Ross Douthat is a New York Times columnist.

Big Screen, Small Stars

By Ross Douthat
Apr 24 2008, 1:22 PM ET Comment

Matt Feeney, on Forgetting Sarah Marshall:

It’s typical for these breakup movies for the guy to upgrade from the desiccated, WASPy blonde who dumped him to an earthy brunette, but the contrast in this movie is so glaring that I actually felt sorry for Kristen Bell, who plays Sarah Marshall. (This is going to sound harsh. I wouldn’t write it if I thought Kristen Bell were a TAS reader.) Her character is a sort of parody of a television actress, but the thing is that she looks like a parody of a television actress. Where Mila Kunis is a sort of Rousseauan ideal of natural beauty, all litheness and fitness and proportion, Bell has the tiny body and oversized head that actors are said to often have, so that even when her whole body is on screen, her head still looks like it’s supposed to have a television around it. A television actress herself, she was obviously cast because of how closely she resembles the thing her character is supposed to be a parody of. So, in Forgetting Sarah Marshall Kristen Bell gets to literally embody her own parody. That is not an identity that – having called attention to it in such a way – you can just climb out of for your next movie. Given the roll that Judd Apatow is currently on, Sarah Marshall must have seemed like a dream part for Bell, but, to be honest, I don’t see how her career will recover from it.

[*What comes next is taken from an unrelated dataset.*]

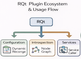 RQt는 Qt 기반 GUI 프레임워크이면서, 여러 디버깅 도구가 플러그인으로 묶여 있습니다. 한 창에서 노드 그래프, 토픽 모니터링, 플롯 등을 조합해 쓰는 형태입니다. (필요하면 플러그인 자체를 개발하는 것도 가능합니다.)
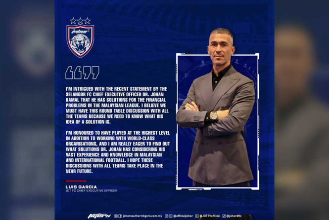 JDT chief executive officer (CEO) Luis Garcia said he was intrigued by a statement from Selangor FC chief executive officer Dr Johan Kamal Hamidon, who claimed to have the best formula to address the financial challenges affecting local football.

Harsh but basically true, though I would differ with his take on Kunis: While I agree that her character was vastly more physically fetching than Bell's Marshall, I thought her performance, too, had the smaller-than-life quality that usually results when a television star gets miscast in a feature film. (Though she turned in better work than Jason Segel, who had the smaller-than-life quality that you'd expect if you cast that pretty-funny guy you went to high school with in a feature film.)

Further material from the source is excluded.